Data section:
=== Begin Enclosure ===
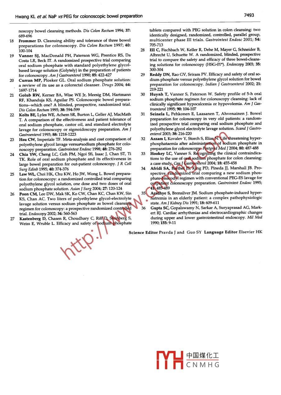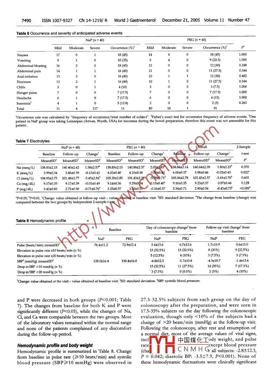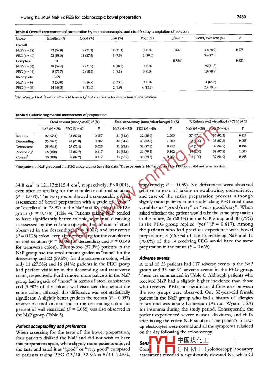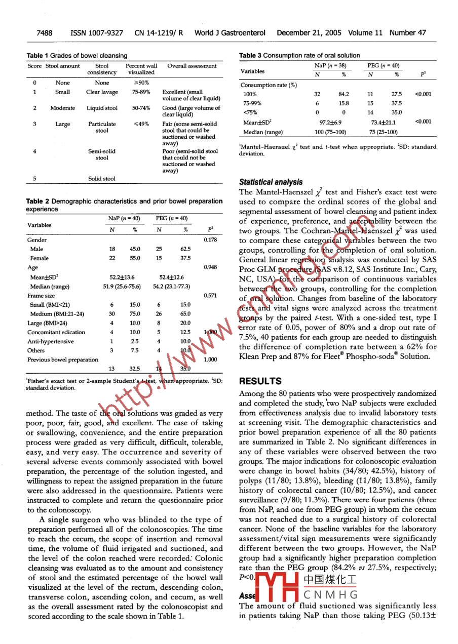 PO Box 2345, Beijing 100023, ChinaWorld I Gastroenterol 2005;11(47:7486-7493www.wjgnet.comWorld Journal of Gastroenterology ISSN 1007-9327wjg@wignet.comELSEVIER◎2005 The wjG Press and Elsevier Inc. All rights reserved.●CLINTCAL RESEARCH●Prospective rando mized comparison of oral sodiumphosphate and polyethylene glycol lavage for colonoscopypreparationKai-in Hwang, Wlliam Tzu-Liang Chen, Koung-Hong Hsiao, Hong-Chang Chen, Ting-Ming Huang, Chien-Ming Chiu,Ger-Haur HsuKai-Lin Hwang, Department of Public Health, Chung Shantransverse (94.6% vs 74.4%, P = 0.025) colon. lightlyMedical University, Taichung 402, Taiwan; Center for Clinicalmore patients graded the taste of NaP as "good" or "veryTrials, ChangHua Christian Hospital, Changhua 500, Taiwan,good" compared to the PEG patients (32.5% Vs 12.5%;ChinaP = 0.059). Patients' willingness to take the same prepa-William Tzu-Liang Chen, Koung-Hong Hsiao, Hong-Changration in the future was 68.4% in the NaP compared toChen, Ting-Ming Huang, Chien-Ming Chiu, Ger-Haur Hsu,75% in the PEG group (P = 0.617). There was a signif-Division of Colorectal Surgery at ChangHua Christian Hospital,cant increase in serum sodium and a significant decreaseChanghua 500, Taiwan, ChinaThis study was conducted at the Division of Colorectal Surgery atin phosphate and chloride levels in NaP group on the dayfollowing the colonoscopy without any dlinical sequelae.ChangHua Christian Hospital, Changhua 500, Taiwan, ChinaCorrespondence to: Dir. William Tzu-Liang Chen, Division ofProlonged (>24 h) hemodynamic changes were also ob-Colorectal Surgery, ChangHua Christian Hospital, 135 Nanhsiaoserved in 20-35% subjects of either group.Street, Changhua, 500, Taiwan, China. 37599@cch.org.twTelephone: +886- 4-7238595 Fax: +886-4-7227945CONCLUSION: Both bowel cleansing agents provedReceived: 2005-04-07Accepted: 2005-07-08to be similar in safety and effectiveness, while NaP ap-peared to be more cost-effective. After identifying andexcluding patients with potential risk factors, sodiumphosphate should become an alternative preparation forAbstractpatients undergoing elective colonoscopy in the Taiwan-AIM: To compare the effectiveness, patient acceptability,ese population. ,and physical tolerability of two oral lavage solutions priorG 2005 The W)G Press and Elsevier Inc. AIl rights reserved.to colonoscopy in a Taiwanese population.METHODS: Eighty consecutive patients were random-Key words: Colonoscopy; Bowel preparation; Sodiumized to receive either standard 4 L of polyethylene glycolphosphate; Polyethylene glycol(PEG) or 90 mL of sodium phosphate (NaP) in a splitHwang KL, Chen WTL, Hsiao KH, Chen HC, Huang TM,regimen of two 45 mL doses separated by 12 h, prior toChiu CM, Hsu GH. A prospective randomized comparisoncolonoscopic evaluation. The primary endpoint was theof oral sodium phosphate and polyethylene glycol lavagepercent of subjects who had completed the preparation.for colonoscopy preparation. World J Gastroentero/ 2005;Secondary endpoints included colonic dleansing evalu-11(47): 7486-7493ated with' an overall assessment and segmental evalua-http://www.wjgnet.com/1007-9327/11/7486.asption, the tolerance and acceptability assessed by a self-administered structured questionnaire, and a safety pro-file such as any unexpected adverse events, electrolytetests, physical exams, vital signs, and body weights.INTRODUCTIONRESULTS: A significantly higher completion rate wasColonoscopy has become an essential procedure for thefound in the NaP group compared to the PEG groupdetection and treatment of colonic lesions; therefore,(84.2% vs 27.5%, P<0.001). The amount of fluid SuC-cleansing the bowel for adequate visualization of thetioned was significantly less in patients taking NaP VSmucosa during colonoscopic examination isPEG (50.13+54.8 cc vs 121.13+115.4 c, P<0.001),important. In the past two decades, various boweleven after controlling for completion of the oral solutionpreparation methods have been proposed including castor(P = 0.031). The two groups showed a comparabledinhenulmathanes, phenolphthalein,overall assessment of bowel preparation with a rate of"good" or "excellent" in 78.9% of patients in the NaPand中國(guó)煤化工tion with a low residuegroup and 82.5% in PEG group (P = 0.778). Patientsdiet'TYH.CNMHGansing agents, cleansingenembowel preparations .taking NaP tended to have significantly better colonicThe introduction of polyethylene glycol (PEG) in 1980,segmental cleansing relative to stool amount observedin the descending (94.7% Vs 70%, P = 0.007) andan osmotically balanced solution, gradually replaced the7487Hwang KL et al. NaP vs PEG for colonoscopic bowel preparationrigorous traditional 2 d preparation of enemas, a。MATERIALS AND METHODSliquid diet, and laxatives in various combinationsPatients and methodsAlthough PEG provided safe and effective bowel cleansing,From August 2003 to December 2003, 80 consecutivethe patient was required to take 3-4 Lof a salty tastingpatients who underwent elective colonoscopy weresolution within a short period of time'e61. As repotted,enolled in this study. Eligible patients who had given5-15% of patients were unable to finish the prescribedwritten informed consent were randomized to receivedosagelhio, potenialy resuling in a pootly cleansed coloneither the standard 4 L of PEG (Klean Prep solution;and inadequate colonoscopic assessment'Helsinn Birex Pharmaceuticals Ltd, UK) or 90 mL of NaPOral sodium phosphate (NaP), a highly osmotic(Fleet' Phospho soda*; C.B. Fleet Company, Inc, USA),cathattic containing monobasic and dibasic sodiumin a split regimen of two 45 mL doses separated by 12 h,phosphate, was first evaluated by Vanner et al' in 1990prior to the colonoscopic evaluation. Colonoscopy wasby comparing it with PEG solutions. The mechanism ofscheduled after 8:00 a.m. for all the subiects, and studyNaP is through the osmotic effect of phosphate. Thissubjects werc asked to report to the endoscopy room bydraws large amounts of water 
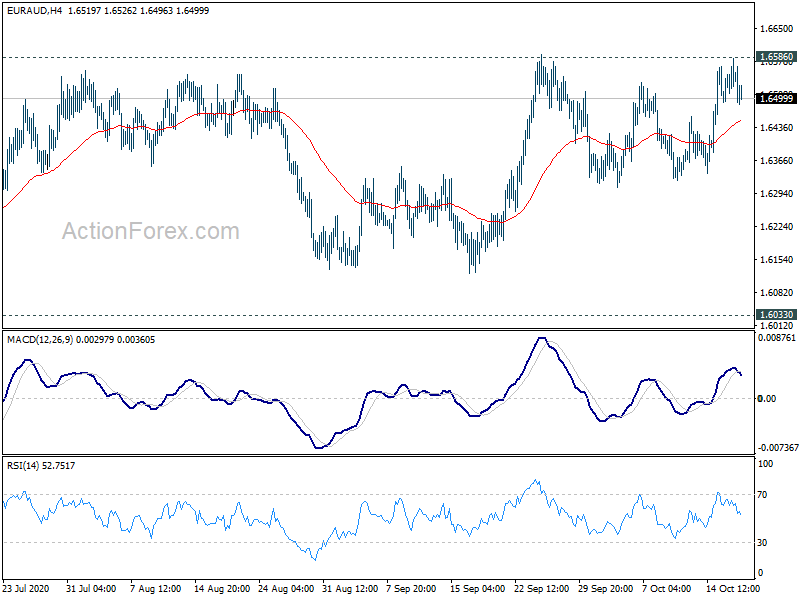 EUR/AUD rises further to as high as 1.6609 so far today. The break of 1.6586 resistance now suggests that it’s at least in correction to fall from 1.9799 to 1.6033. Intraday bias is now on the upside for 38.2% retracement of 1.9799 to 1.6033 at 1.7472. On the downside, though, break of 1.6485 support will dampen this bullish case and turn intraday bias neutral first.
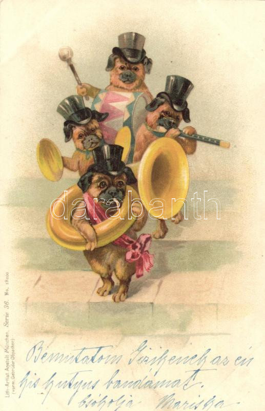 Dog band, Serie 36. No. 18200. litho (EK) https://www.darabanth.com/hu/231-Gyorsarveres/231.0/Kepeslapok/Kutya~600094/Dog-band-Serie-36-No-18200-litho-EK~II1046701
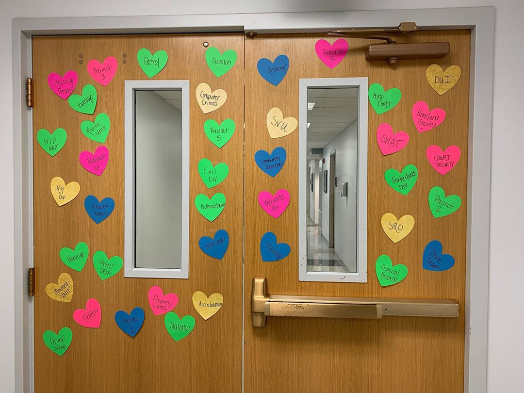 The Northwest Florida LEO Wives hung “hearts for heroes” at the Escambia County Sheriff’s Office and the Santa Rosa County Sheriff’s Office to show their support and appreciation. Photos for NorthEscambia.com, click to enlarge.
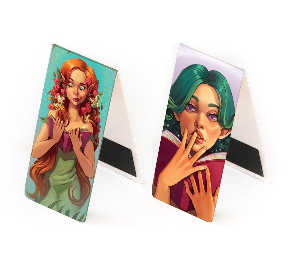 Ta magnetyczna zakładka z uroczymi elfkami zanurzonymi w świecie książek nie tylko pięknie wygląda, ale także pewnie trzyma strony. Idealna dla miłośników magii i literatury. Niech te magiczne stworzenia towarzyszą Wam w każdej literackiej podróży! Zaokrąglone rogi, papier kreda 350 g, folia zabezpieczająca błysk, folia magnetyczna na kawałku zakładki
=== End Enclosure ===
Problem details: Please set down, exactly and with nothing added, the lines from the line with "The Northwest Florida" to the end of the entries above, omitting pictures.

Response box:
 The Northwest Florida LEO Wives hung “hearts for heroes” at the Escambia County Sheriff’s Office and the Santa Rosa County Sheriff’s Office to show their support and appreciation. Photos for NorthEscambia.com, click to enlarge.
 Ta magnetyczna zakładka z uroczymi elfkami zanurzonymi w świecie książek nie tylko pięknie wygląda, ale także pewnie trzyma strony. Idealna dla miłośników magii i literatury. Niech te magiczne stworzenia towarzyszą Wam w każdej literackiej podróży! Zaokrąglone rogi, papier kreda 350 g, folia zabezpieczająca błysk, folia magnetyczna na kawałku zakładki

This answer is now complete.